Activision was making third-party games before they were cool . . . or existed, for that matter. Founded in 1979, Activision was the world’s first independent developer and distributor for console games, beginning with the Atari 2600. Three decades of game development has a way of teaching a thing or two, particularly about new technology and how it applies to beloved franchises.
From classics like Pitfall! in 1982 to mammoth franchises like World of Warcraft, Candy Crush Saga and Call of Duty: Infinite Warfare, Activision—now Activision Blizzard—is behind many of the world’s most popular titles to date. Boasting an impressive $6.61 billion in 2016 (42 percent growth over 2015), the company is not only ruling the video game industry, but driving it.
A New Kind Of Athlete
“Professional gaming competitions are creating celebrities who are recognized and revered as athletes were in prior generations,” Activision Blizzard CEO, Bobby Kotick told Forbes. “Spectator gaming is becoming as popular as mainstream sports.”
Activision Blizzard acquired Major League Gaming (MLG) in late 2015, and has been making waves in the eSports scene ever since. The publisher’s Counter-Strike: Global Offensive Major Championship (CS:GO Major) generated new viewership records during its March 30 to April 3, 2016 broadcast, with audiences generating 71 million video views and watching an incredible, record-breaking 45 million hours of live broadcast. CS:GO Major—the first held in North America—also set a new record of 1.6 million concurrent viewers across over-the-top (OTT), web, mobile and in-game streaming formats.
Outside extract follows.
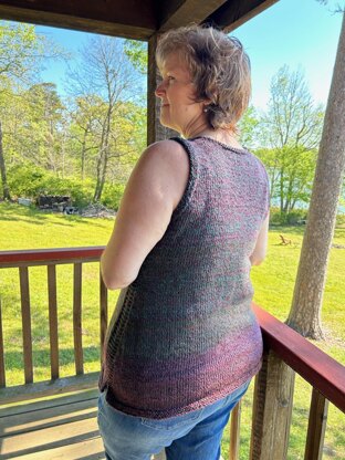 This is a simple a-line tank, designed to let the beautiful shifting colors of the yarn shine through. This is great with jeans, shorts, or skirts! The long-line silhouette is designed to move with the breeze.

The CS:GO Major event was streamed live with enhanced features like real-time situational data. “Our product strategy is related not only to the live fan experience, but also the over-the-top streaming platform,” Mike Sepso, senior vice president at Activision Blizzard and former president and co-founder of MLG told [a]listdaily.
During Blizzcon 2016, Activision Blizzard surprised the world by announcing its Overwatch League, inspiring players of all skill levels to dream big. As Activision Blizzard’s second-most-popular streaming title, Overwatch attracts over 8 million monthly active players and an average concurrent viewer count of over 21,000, according to SuperData Research.
The publisher is not only helping to drive the success of today’s highly-lucrative eSports industry, it’s changing the way publishers think about trends in the Chinese market. Overwatch sales exceeded all expectations in the region, proving that players are willing to pay for competitive games upfront—something once believed this lucrative demographic wouldn’t do. “China’s games market may be dominated by free-to-play MMO and mobile titles, but Overwatch’s success indicates the potential for premium games in the country is growing,” said SuperData Research CEO, Joost van Druenen in a report for August video game sales.
Streaming video games has become a major driver for publishers, creating a type of ecosystem in which games are made, then played by popular streamers and enjoyed by thousands of fans, which in turn drives sales. Activision Blizzard’s partnership with Facebook now allows players to stream Blizzard titles directly to the social network, further adding to this growing trend of “spectator gaming.”
What makes someone a “gamer?” Whether a player is hardcore or casual, Activision Blizzard has undoubtedly cornered the market. At $41 billion, mobile games were by far the most lucrative form of interactive entertainment in 2016, surpassing retail games and free-to-play online games by $26 billion and $19 billion, respectively. In addition to its unstoppable Call of Duty franchise, the acquisition of King Games means that this publisher has access to some of the most lucrative casual franchises in the world, including Candy Crush Saga.
Activision Blizzard saw not just an opportunity in terms of revenue, but within the modern state of our industry. The publisher recognizes gamers of all preferences from matching puzzles on the train to taking on international opponents in a packed, eSports arena.
The Ability To Evolve
The company has evolved over the last few decades in technology and creating a thriving network of creativity. Activision Blizzard was recently named among Fortune’s 100 Best Companies to Work For and currently employs over 9,000 people.
While it’s only natural (and necessary) to adopt new game development technologies, Activision Blizzard is leading the way in terms of other tools, as well. For Call of Duty: Infinite Warfare, the company released two interactive chat bots on Facebook that garnered over six million interactions almost immediately.
The interactive media giant isn’t limiting itself to video games, either. Through Activision Blizzard Studios, the company is expanding its reach to TV with Skylanders Academy on Netflix, and a Call of Duty film in the works. “Activision Blizzard Studios is yet another way we’re celebrating our players and fans, and we expect that our film and television productions will entertain and delight whole new audiences, as well,” said Activision Blizzard co-president, Nick Van Dyk during the Blizzcon announcement. Although the Warcraft movie was made before Activision Blizzard Studios was announced, the film likely helped bring the game back into people’s lives in time for the launch of the Legion expansion launch last summer.
“Our priority is audience focus—the recognition and appreciation that our audiences invest so much in our franchises and our responsibility to them to continually innovate within those,” said Kotick. “We feel a tremendous responsibility to our audiences to keep our franchises exciting.”